- WHAT NEEDS TO BE DONE -
Produce the lines from the one containing "7月7日,贵州师范大学202" through the end of the material exactly as they appear, both ends included, and leave the pictures out.

- PROVIDED MATERIAL -
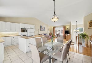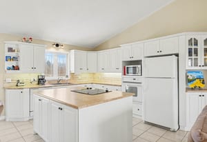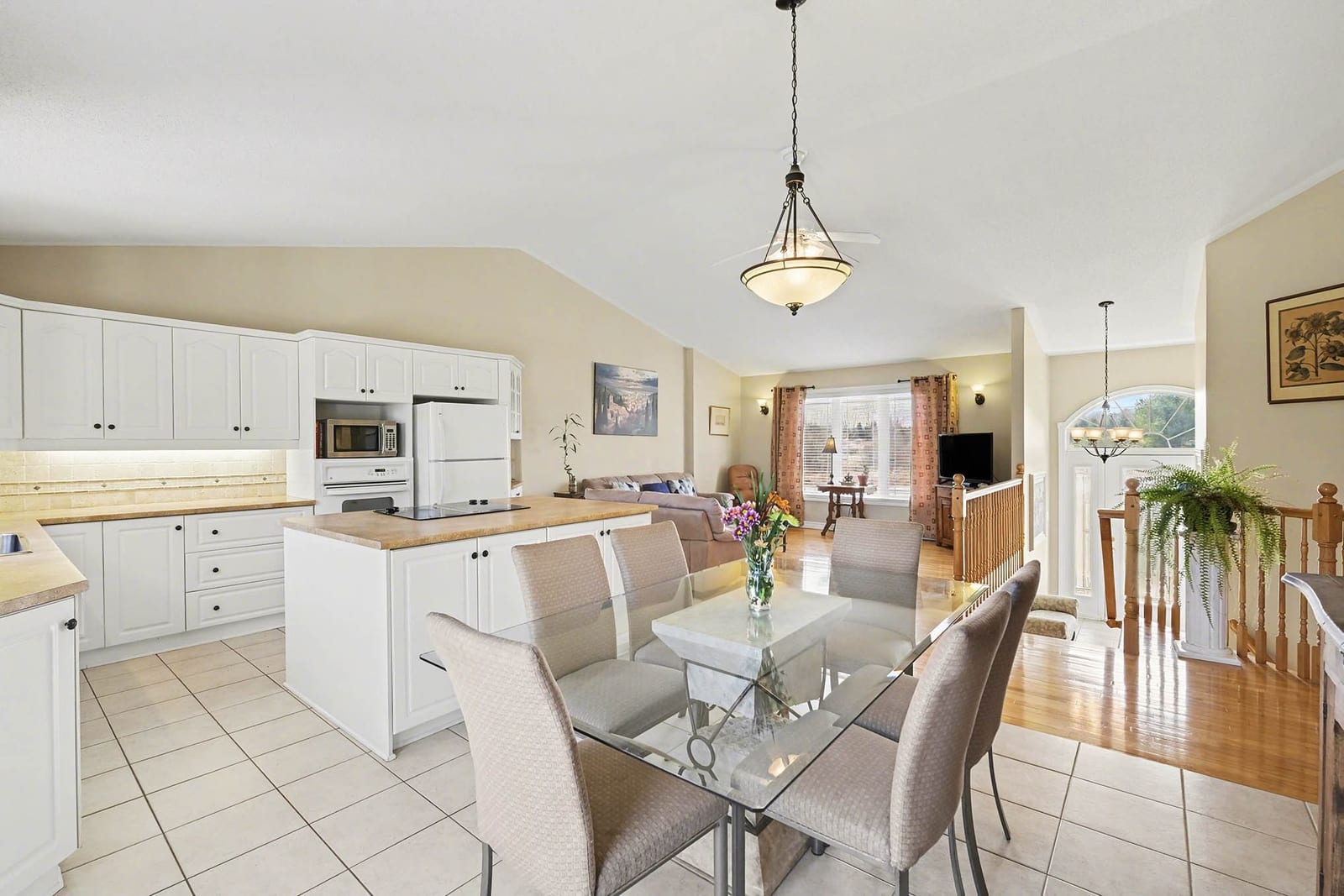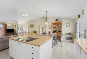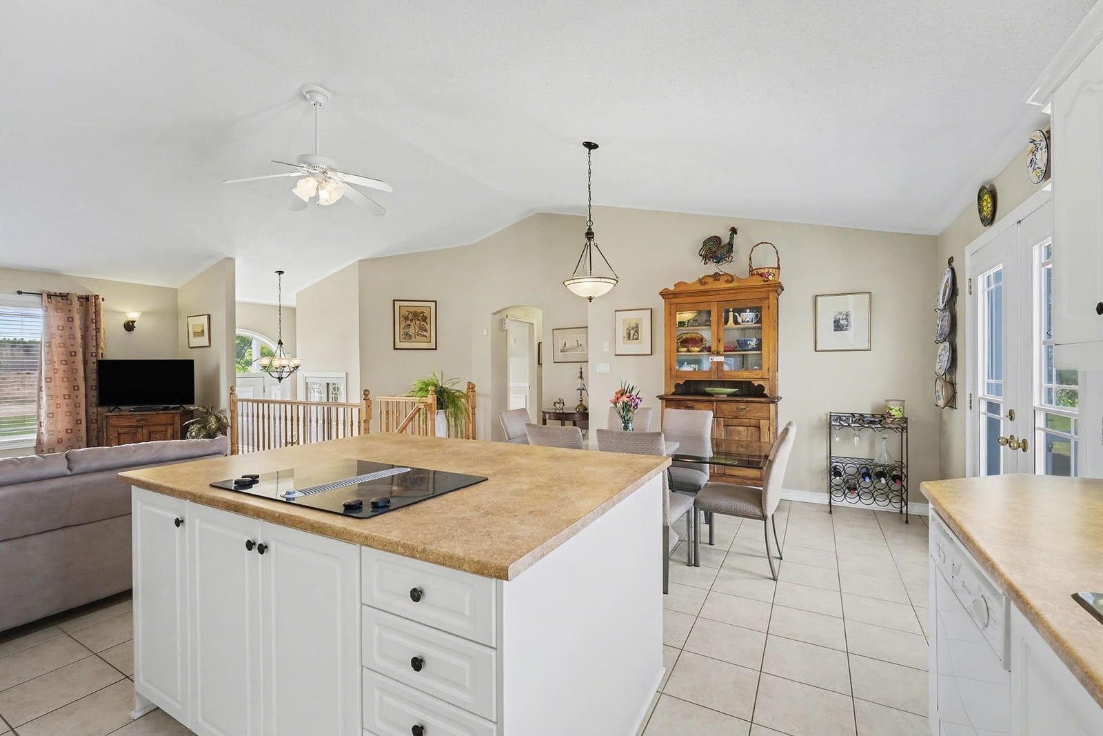 The kitchen offers excellent cabinet and counter space, a large centre island with cooktop, built-in oven and microwave, tile flooring, and a bright open connection to both the dining area and living room. Patio doors off the dining area provide direct access to the rear deck, making outdoor dining and summer entertaining easy and convenient.
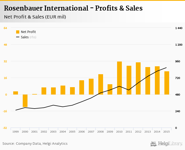 Rosenbauer International made a net profit of EUR 22.4 mil in 2015, down 17.8% compared to the previous year. Total sales reached EUR 865 mil, which is up 6.34% when compared to the previous year.
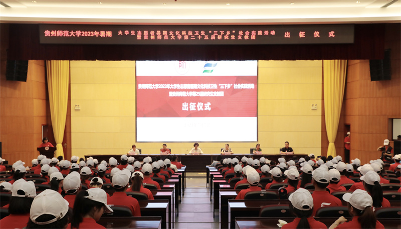 7月7日,贵州师范大学2023年暑期“三下乡”社会实践活动暨贵州师范大学第25届研究生支教团出征仪式在花溪校区会议中心一楼学术报告厅隆重举行。学校党委副书记银熙惠出席出征仪式并讲话。即日起,来自各学院的实践服务队和返家乡的万余名志愿者将奔赴全省各地开展暑期“三下乡”社会实践活动。
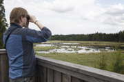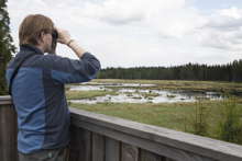 Beskrivning: Utsikt, fågelskådare, spanar med kikare

- RESPONSE BOX -
 7月7日,贵州师范大学2023年暑期“三下乡”社会实践活动暨贵州师范大学第25届研究生支教团出征仪式在花溪校区会议中心一楼学术报告厅隆重举行。学校党委副书记银熙惠出席出征仪式并讲话。即日起,来自各学院的实践服务队和返家乡的万余名志愿者将奔赴全省各地开展暑期“三下乡”社会实践活动。
 Beskrivning: Utsikt, fågelskådare, spanar med kikare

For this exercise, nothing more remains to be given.